Foca INVESTIGACIÓN

159

 

 

Diseño interior y cubierta: RAG

Nota a la edición digital:

Es posible que, por la propia naturaleza de la red, algunos de los vínculos a páginas web contenidos en el libro ya no sean accesibles en el momento de su consulta. No obstante, se mantienen las referencias por fidelidad a la edición original.

 

Se prohíbe la reproducción total o parcial de esta obra —incluido el diseño tipográfico y de portada—, sea cual fuere el medio, electrónico o mecánico, sin el consentimiento por escrito del editor.


© de los autores, 2018

D. R. © 2018, Edicionesakal México, S. A. de C. V.

Calle Tejamanil, manzana 13, lote 15,

colonia Pedregal de Santo Domingo, sección VI,

delegación Coyoacán, CP 04369, Ciudad de México

Tel.: +(0155) 56 588 426

Fax: 5019 0448

www.akal.mx

facebook.jpg facebook.com/EdicionesAkal

twitter.jpg @AkalEditor

 

ISBN: 978-607-98185-4-8

 

Alejandro Pedregal

Evelia

Testimonio de Guerrero

 

27972.png

 

Desde la perspectiva ideológica del colonizador todo pueblo colonizado carece de historia; por definición no la posee, ya que tal categoría es un atributo de la “civilización” y no de la “barbarie”. Los procesos de emancipación son interpretados a su turno como un triunfo de ésta sobre aquella: derrotados los portadores de la “civilización”, las antiguas colonias no hacen más que recobrar el estado “natural” que les es propio. Se mueven, ciertamente, pero con movimientos caprichosos e inconexos, irreductibles a las categorías conceptuales con que normalmente se captan las leyes del devenir histórico. El arbitrio y el azar que ahora imperan a lo sumo pueden ser representados metafóricamente (son países “surrealistas”) o saboreados por paladares exquisitos, ávidos de exotismo.

Agustín Cueva, El desarrollo del capitalismo en América Latina

 

 

Prólogo

“Para mi mala suerte, ese día era el cumpleaños de mi hijo”

La primera vez que fui a Guerrero aún no conocía a Evelia. Acompañaba a los juzgados del reclusorio de turno de Iguala a una amiga en común, Sayuri, abogada en el caso de Julio César Mondragón, y a Marissa, la mujer de éste.
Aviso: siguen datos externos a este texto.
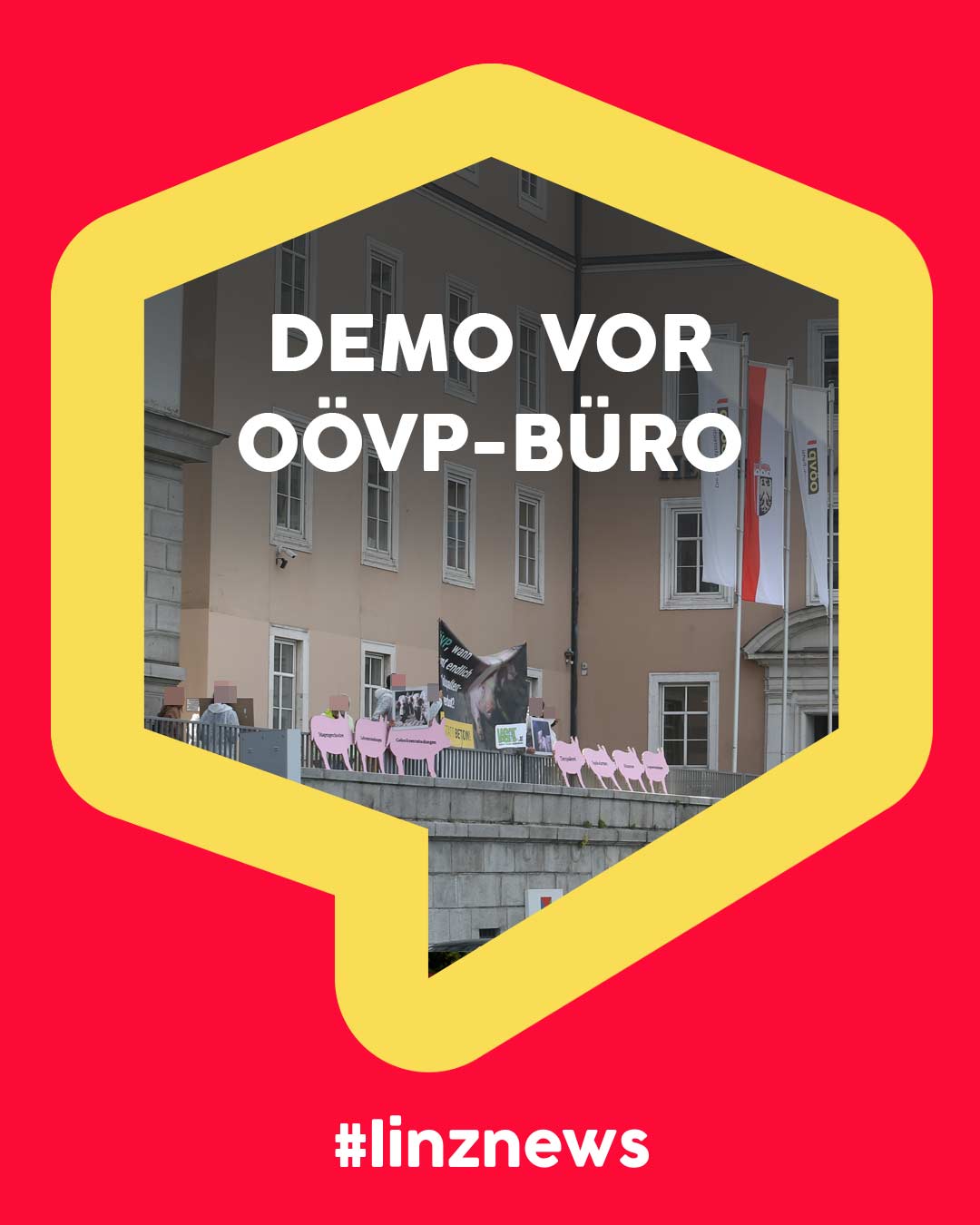 Heute gab es einen Protest vor dem Parteibüro der OÖ Volkspartei. Laut Tierschützer hat die OÖVP einen Entschließungsantrag der Grünen für ein Verbot von Vollspaltenböden in der Schweinezucht abgelehnt.

El rostro desollado de Julio César, estudiante de la Escuela Normal Rural de Ayotzinapa, había aparecido la mañana del 27 de septiembre de 2014 en Iguala y en unas horas había plagado las redes sociales. Algunos considerarían aquello como el incidente incitador de la indignación ciudadana que desencadenaría, poco más tarde, el descubrimiento de la desaparición forzada de los 43 compañeros normalistas de Julio César, ocurrida la noche anterior junto al secuestro de éste y el asesinato de otros dos estudiantes y tres transeúntes. En aquella primera visita que yo hacía a Guerrero, también venían otros dos amigos cineastas: Xavi Sala, que ya estaba embarcado en la odisea que acabaría siendo su película Xquipi’ Guie’dani (El ombligo de Guie’dani), y Enrique García Meza, a quien conocí ese mismo día, y que había ido a recoger algunas de las últimas imágenes que grabaría para su documental Ayotzinapa, el paso de la tortuga. Además, venía un compañero de luchas de Sayuri, un oaxaqueño llamado Hugo con quien ella había compartido trinchera en los tiempos de la huelga en la Universidad Nacional Autónoma de México (unam), allá por 1999.
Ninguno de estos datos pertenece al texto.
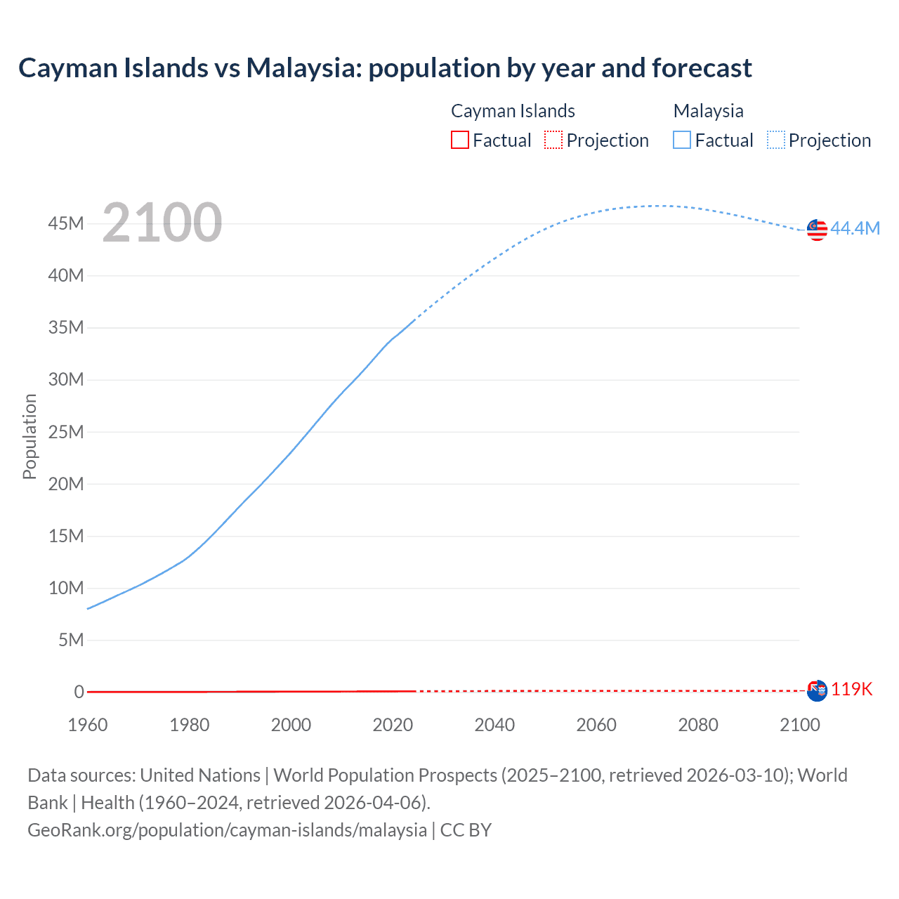 Cayman Islands vs Malaysia: population by year and forecast

La puesta en escena en los juzgados no podía ser más kafkiana, en todas las acepciones que conlleva este calificativo. Situados pared con pared junto al centro penitenciario, el patetismo del escenario —tétricamente iluminado por lámparas fluorescentes que se encendían y apagaban de forma descompasada— se veía acentuado por las montañas de expedientes jurídicos apilados acá y allá, torres de papel mecanografiado con enormes telarañas que ornamentaban sus cimas. Ante la perezosa disciplina de la burocracia mexicana, los presentes arrastrábamos los pies por el espacio, en busca de algo que nos despejara, y matábamos el tiempo revisando las portadas de aquellos pesados documentos: uno por homicidio, otro por violación, algún otro por maltrato familiar, robo a mano armada, extorsión, asesinato con arma blanca…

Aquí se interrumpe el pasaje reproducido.